La compagnia – Aricò, Bertini, Dangelo, Iacchetti, La Pietra, Raciti, Scanavino, Vago, Vedova; sono solo alcuni tra i compagni di strada che Domenico D'Oora trova nella mostra inaugurale della nuova sede della Galleria Artestudio in via della Moscova a Milano.
Compagnia 'alta' che aggiunge ulteriori tasselli prestigiosi al procedere di questo nostro silenzioso e appartato artista della pittura minimale, lirica e senza concessioni.
Oggettività – Entra, D'Oora, così nel clima di quello che fu lo storico Gruppo del Cenobio, fondato nel 1962 da Agostino Ferrari, Ugo La Pietra, Ettore Sordini, Angelo Verga e Arturo Vermi, di cui Artestudio conserva l'archivio, e di cui si propone come continuatore ideale: di quell'idea di rifondazione del linguaggio, al cominciare proprio dei Sessanta, superata la sbornia dell'informale, della gestualità, basato su una nuova, meno espansiva oggettività.
L'indagine percettiva – Con la mostra attuale, si conferma quella che è fin dalle recenti origini, 1992, la linea dello spazio espositivo: coniugare la tradizione dei maestri già di lungo corso, con artisti di più recenti generazioni.
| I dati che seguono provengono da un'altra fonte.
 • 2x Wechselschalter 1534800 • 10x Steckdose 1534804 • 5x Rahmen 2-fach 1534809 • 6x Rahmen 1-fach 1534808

Selezionati non solo e non tanto in base a criteri mercantili, quanto a punti di vista e a pratiche sull'arte che facciano il punto sul continuum di quella scelta che rifiuta la pittura come narrazione di fatti e cose, privilegiandone piuttosto l'indagine percettiva ed emozionale.
Di famiglia – D'Oora, che di questo campo è stato anche teorico e divulgatore – basti pensare alle numerose e selezionate mostre che ha curato – appartiene di diritto a quel genere: un artista autoriflessivo e riflessivo, attento alla processualità del fare, alla processualità del percepire la sua pittura satura: attenta, monocroma e sensibile alle vibrazioni. Sospesa eppure di immediata evidenza.